Apache Flink read Avro byte[] from Kafka

2.7k views Asked by At

In reviewing examples I see alot of this:

FlinkKafkaConsumer08<Event> kafkaConsumer = new FlinkKafkaConsumer08<>("myavrotopic", avroSchema, properties);

I see that they here already know the schema.

I do not know the schema until I read the byte[] into a Generic Record then get the schema. (As it may change from record to record)

Can someone point me into a FlinkKafkaConsumer08 that reads from byte[] into a map filter so that I can remove some leading bits, then load that byte[] into a Generic Record ?

2

There are 2 answers

1
Dave Torok On BEST ANSWER

I'm doing something similar (I'm using the 09 consumer)

In your main code pass in your custom deserializer:

FlinkKafkaConsumer09<Object> kafkaConsumer = new FlinkKafkaConsumer09<>(
                parameterTool.getRequired("topic"), new MyDeserializationSchema<>(),
                parameterTool.getProperties());

The custom Deserialization Schema reads the bytes, figures out the schema and/or retrieves it from a schema registry, deserializes into a GenericRecord and returns the GenericRecord object.
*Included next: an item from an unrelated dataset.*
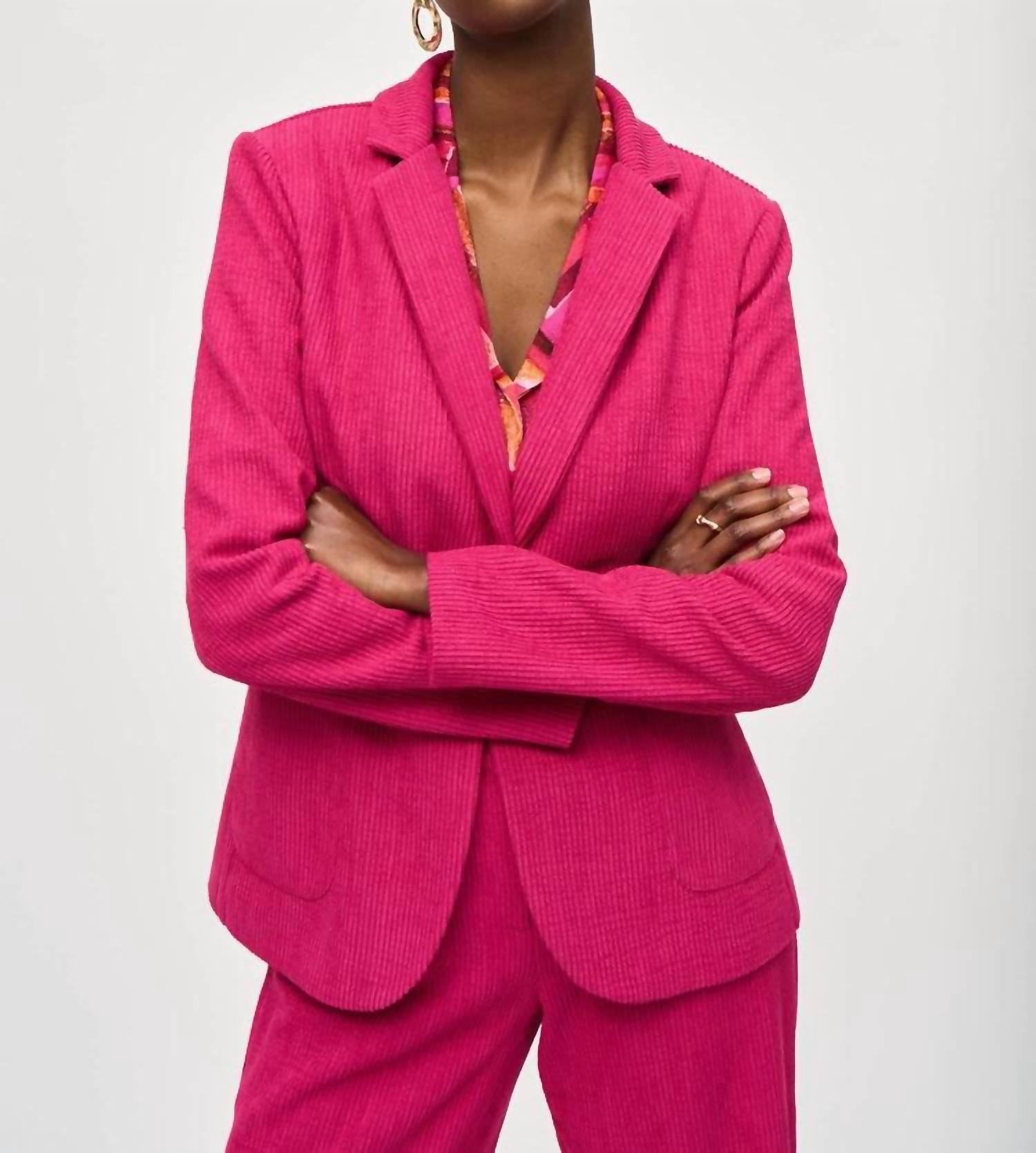 Texture and sophistication in Pink Punch. Features long sleeves. Expertly crafted from 100% polyester corduroy jacquard fabric. Notched collar and single button closure emphasize its fitted silhouette. Applied pockets and front darts add a touch of timeless charm. Care for this exquisite piece by hand washing it in cold water with like colors, laying flat to dry in the shade, and avoiding bleach, tumble drying, ironing, or dry cleaning.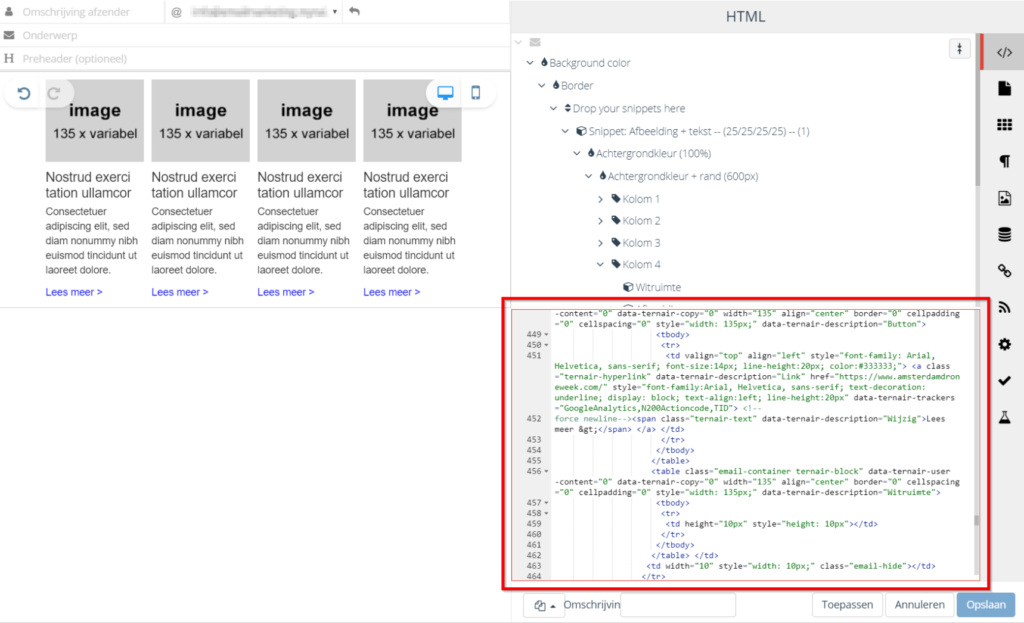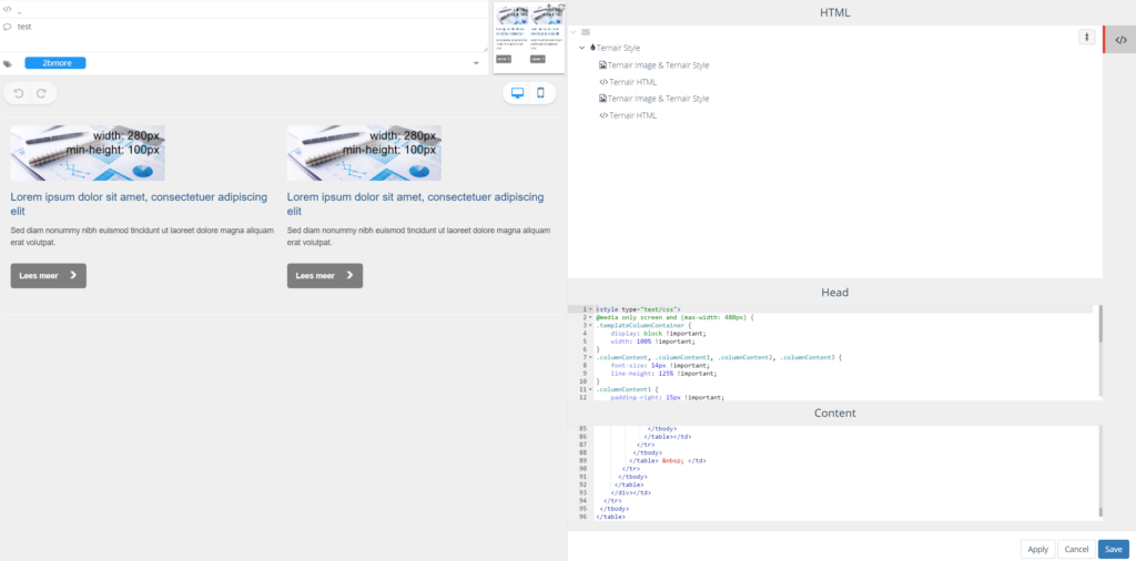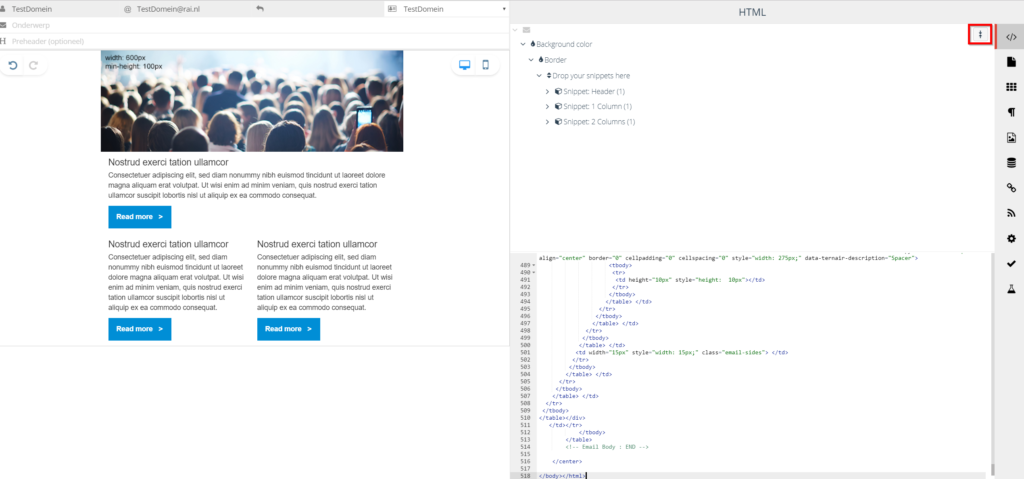 The design for building snippets is adapted to the design of the templates for e-mail and landing pages.

public class MyDeserializationSchema<T> implements DeserializationSchema<T> {


    private final Class<T> avrotype = (Class<T>) org.apache.avro.generic.GenericRecord.class;

    @Override
    public T deserialize(byte[] arg0) throws IOException {
        //do your stuff here, strip off your bytes
        //deserialize and create your GenericRecord 
        return (T) (myavroevent);
    }

    @Override
    public boolean isEndOfStream(T nextElement) {
        return false;
    }

    @Override
    public TypeInformation<T> getProducedType() {
        return TypeExtractor.getForClass(avrotype);
    }

}
3
Svend On

If you use Confluent's schema registry, I believe a preferred solution would be to use the Avro serde provided by Confluent. This way, we just call deserialize() and the resolution of the latest version of the Avro schema to use is done automatically behind the scene and no byte manipulation is required.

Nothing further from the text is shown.